Most heads of talent at large organizations are in the same boat. Because of the sheer volume of candidates, teams are no longer able to manage their recruitment load on their own.

  • They need help.
  • They need to prove their value.
  • They can’t manage all the data.

Recruiters had so much disparate data within their tools – and the platforms didn’t communicate with one another – the recruitment team didn’t have the ability to filter, sort and screen this data efficiently.

Many recruitment departments are drowning under the heavy burden of candidate information they can’t possibly sift through manually. From social profiles to employee data; salary ranges to competitive intelligence, it’s difficult to translate into something one can understand, MUCH LESS something you can use to recruit better or faster.

  • Just one-third of HR managers describe their proficiency with data as “good” or “excellent”.
  • 71% of companies see people analytics as a high priority in their organization, with 31% rating it very important.
  • 3 out of 5 employees in leadership roles say a failure to adopt big data could lead to obsolescence.

Some vendors have realized the need for an aggregator of recruitment proportions.

  • How can we solve the challenges with recruiting?
  • How do we solve the time to hire problem?
  • How do we make this huge pile of data easier to comb through?

Once we realized the need to tackle the abundance of data because data is worse than useless without the ability to analyze it. By analyzing the data and agreeing on what we need to measure (and when and how), we can reduce time to hire while at the same time, reducing recruitment marketing spend. It’s crucial to identify where we’re spending time and money that is essentially going to waste.

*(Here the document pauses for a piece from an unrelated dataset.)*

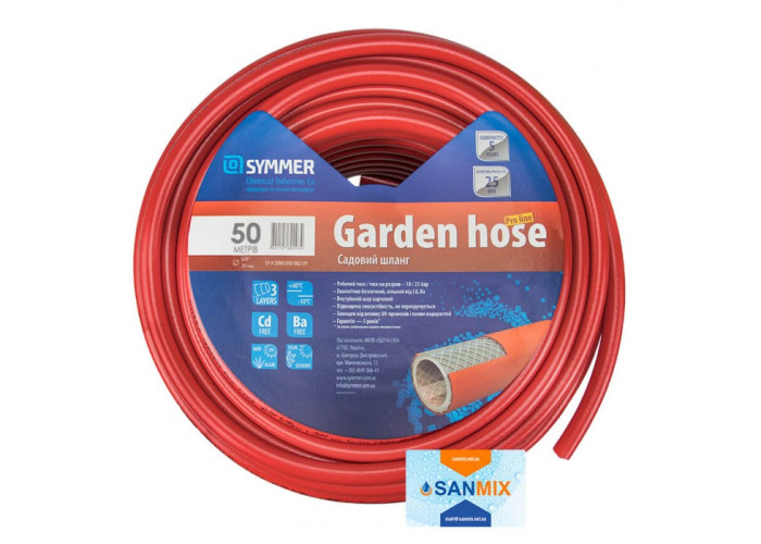 Шланг садовий Symmer PRO Line D 3/4 "50 м має велику довжину, тому дозволяє дотягнутися до віддалених ділянок саду. Завдяки своїй гладкій структурі і еластичності в ньому сила напору майже не втрачається. Варто відзначити його тришарову армовану структуру, стійку до зламів і перекручення . у шлангу для поливу Symmer серії PRO Line не розвиваються водорості. Верхній шар перешкоджає руйнуванню вироби під дією УФ-випромінювання. А екологічно чисті складові не містять в складі важких металів (Cd, Ba).
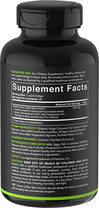 PREMIUM - Contains clinically proven Svetol Green Coffee Bean. Participants taking Svetol Lost an Average of 11 Pounds in 60 Days and Improved Lean Mass Ratio by 4%BENEFITS - Green Coffee Bean Extract is naturally high in chlorogenic acids, which are thought to act as a natural metabolism booster and fat burner for women and menCOCONUT OIL - Infused with Extra Virgin Coconut Oil for additional Metabolism SupportDECAFFEINATED - Green Coffee Bean Extract pills contain about the same amount of caffeine as one cup of decaf coffee, for powerful benefits without the jitters.Sports Research Green Coffee Bean Extract harnesses the benefits of coffee, in a plant concentrate, and provides proven effectiveness for slimming and beauty. Our product is made with Svetol® a natural plant extract of decaffeinated green coffee rich in active components. Obtained from unroasted coffee beans of the exotic Robusta variety (Coffea canephora robusta Pierre), Svetol® possesses a unique composition whose effectiveness has been clinically proven in numerous studies. The active ingredients in our Green Coffee Bean Extract are Polyphenols, which are antioxidant molecules, and Chlorogenic Acids. Chlorogenic Acids are a group of beneficial compounds that have been shown in pre-clinical and clinical studies to support healthy blood sugar levels, fat reduction, and healthy BMI. Our Green Coffee Extract is third party HPLC tested and verified free of wheat, peanut, soy, shellfish, egg, and milk.

  • The interview process takes an average of 22.9 days. (Source)
  • It takes five to six weeks on average to get a job offer. (Source)
  • 45% think hiring managers are in the best position to increase diversity. (Source)
  • Recruiters take an average of 6 seconds to scan a resume. (Source)
  • 41% of U.S. employers plan to use text messages to schedule job interviews. (Source)
  • 56% of recruiters said they can’t make good hires because of lengthy hiring procedures. (Source)

It’s a Human Process

Recruitment, after all, is fundamentally based on human interaction. That’s why technology will only help resolve the busy work that keeps them from interacting with their candidate pool. The part of recruiting that really matters is selling the person on a new job or opportunity.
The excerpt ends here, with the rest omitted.